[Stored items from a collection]
▬▬▬▬▬▬▬▬▬▬
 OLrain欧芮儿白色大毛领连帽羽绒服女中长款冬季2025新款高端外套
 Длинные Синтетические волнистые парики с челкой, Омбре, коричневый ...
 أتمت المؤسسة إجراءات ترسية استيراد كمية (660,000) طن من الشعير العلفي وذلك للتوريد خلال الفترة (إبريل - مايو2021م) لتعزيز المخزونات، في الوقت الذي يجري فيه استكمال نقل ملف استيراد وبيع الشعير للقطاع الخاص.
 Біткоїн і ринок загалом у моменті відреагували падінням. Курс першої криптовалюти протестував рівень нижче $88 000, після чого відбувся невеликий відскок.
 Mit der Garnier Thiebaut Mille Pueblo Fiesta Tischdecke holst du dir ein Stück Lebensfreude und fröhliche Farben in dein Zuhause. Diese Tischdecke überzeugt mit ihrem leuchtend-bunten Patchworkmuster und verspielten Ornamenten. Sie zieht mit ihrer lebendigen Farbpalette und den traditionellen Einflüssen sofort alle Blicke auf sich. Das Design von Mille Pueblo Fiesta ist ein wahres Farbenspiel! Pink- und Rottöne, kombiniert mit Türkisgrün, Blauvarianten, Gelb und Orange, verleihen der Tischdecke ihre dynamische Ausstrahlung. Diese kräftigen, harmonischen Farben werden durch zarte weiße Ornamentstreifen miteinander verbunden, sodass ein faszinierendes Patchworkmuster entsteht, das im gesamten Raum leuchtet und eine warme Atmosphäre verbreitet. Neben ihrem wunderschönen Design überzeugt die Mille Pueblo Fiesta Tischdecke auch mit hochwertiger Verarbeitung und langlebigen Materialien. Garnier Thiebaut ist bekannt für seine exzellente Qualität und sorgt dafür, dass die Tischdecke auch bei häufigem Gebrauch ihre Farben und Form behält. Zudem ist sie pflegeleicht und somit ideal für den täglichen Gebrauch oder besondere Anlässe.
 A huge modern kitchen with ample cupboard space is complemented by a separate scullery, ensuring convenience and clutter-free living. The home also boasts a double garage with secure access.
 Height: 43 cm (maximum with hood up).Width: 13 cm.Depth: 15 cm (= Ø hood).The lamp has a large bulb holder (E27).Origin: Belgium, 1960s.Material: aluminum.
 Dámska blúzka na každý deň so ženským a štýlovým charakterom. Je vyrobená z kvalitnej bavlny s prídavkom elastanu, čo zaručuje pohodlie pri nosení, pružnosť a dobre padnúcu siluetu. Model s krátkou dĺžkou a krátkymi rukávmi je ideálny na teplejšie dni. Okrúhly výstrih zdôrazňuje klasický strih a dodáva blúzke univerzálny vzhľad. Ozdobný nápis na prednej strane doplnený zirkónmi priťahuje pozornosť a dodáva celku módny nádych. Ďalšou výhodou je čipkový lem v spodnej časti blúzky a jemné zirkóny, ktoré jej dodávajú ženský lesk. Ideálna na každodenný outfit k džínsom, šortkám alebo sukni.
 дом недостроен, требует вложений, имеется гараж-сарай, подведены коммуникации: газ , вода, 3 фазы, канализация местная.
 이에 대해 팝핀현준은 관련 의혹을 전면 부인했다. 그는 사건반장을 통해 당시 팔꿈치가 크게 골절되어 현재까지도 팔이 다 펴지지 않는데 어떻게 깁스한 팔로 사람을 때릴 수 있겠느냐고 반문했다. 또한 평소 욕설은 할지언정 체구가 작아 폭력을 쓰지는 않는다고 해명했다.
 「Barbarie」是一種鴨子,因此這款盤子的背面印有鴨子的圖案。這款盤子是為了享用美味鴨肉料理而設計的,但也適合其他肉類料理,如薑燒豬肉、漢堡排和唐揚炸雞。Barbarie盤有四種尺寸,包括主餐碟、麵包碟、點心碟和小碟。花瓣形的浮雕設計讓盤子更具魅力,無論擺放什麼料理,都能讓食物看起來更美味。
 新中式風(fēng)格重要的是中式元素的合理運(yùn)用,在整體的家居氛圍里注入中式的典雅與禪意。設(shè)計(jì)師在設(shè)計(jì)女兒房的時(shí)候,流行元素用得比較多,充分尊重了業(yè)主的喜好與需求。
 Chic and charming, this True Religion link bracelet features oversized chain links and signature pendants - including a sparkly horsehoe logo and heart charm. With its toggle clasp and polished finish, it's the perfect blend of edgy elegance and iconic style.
▬▬▬▬▬▬▬▬▬▬
◆ WHAT TO WORK ON
From the start of the data to the line that holds "Длинные Синтетические волнистые", retype each line exactly, with both ends included.

◆ TASK ANSWER
 OLrain欧芮儿白色大毛领连帽羽绒服女中长款冬季2025新款高端外套
 Длинные Синтетические волнистые парики с челкой, Омбре, коричневый ...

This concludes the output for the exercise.